Greenway’s love for teaching seemed always present, from her time on the mission field when she homeschooled her five children and helped establish a Christian school where she taught reading and music, to her service as a first-grade teacher at Seymour Christian School in Grand Rapids, Mich., to her 30-year career in higher education between Calvin University, Calvin Theological Seminary, and Westminster Theological Seminary. Even in retirement she was still teaching, volunteering in recent years as a tutor at Buchanan Elementary School and as a discipleship leader at The Potter’s House Christian School in Grand Rapids.
Greenway saw this work of teaching and mentoring as her call to be faithful. “This is the same word she used to describe an essential characteristic for her education students: ‘faithful,’” said Bierling.
“Her faith permeated everything that she did,” said Pyper.

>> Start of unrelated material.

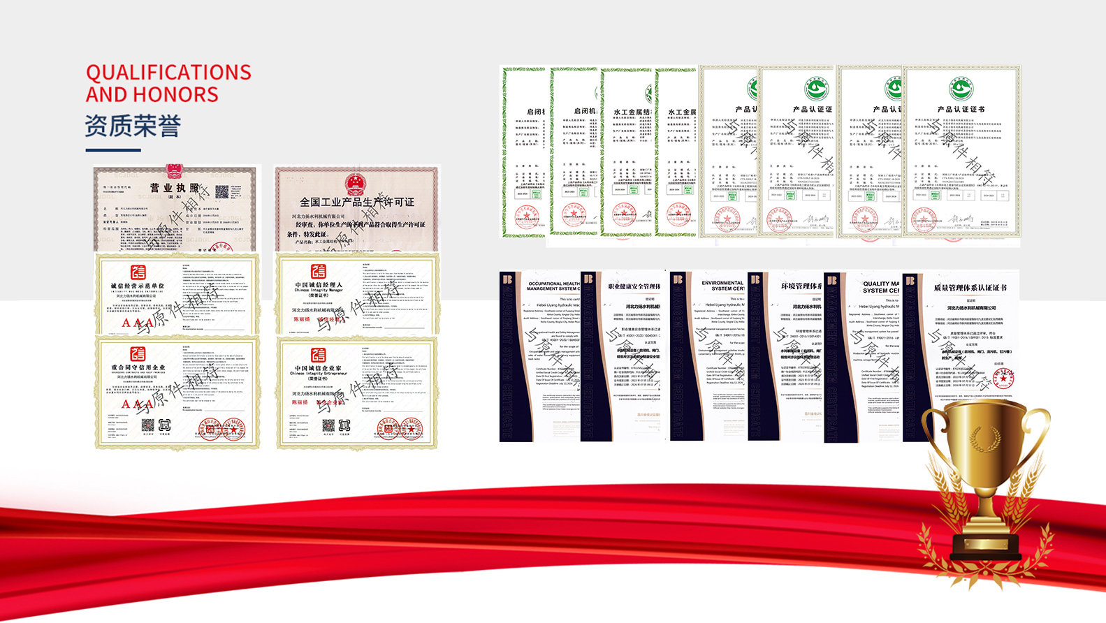關(guān)于我們 !   河北力揚水利機械有限公司,成立于2016年,地址河北省邢臺市新河縣富強街與九龍北路交匯處西南角具備生產(chǎn)及供應(yīng)、安裝能力。我們公司位于董振堂將軍故里,河北省邢臺市新河縣九龍工業(yè)區(qū),是一家集設(shè)計、生產(chǎn)、銷售、安裝、售后一體的綜合性水利機械廠家,現(xiàn)有人員共40余名,獲有國家頒發(fā)的全國工業(yè)產(chǎn)品生產(chǎn)許可證、ISO質(zhì)量管理體系認證、環(huán)境體系認證、職業(yè)健康體系認證并且我公司通過水利相關(guān)部門水工金屬結(jié)構(gòu)質(zhì)量檢驗中心的考核和監(jiān)督下獲得了:認證頒發(fā)的四項產(chǎn)品認證證書(平面閘門、弧形閘門、回轉(zhuǎn)式清污機、耙斗式清污 ABOUT US
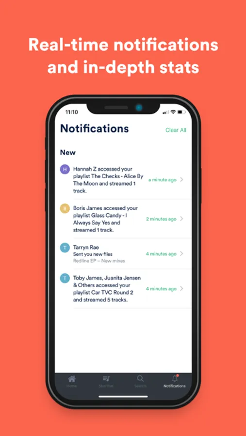 • Share playlists with a few taps and get in depth notifications on access and new files.

Now, thanks to Greenway’s faithfulness and encouragement, her decades of teaching continue to have ripple effects.
“She embodied the idea of faith-infused teaching. This is a legacy of hers that I try to carry on and that we tried to enshrine in the Edna Greenway Scholarship that we established [in 2001] when she retired,” said Slagter.
The Edna Greenway Scholarship is an endowed scholarship given each year to the education student writing the best essay on “the importance of the integration of faith in their own lives and careers.” In this way future teachers have and continue to benefit from Greenway’s “Reformed Christian perspective on teaching and learning.”
Greenway is survived by her children: Irma Dominguez (Francisco), Kathy DeJong (Jeff), Jeff Greenway, Scott Greenway (Kelly), and son-in-law Bob Deurloo, 18 grandchildren, 40 great-grandchildren, and four great-great-grandchildren. Greenway was preceded in death by her husband, Roger; daughter Wendy Deurloo; daughter-in-law Marilyn Greenway; grandson Joel Dominguez; and brother John Beebe.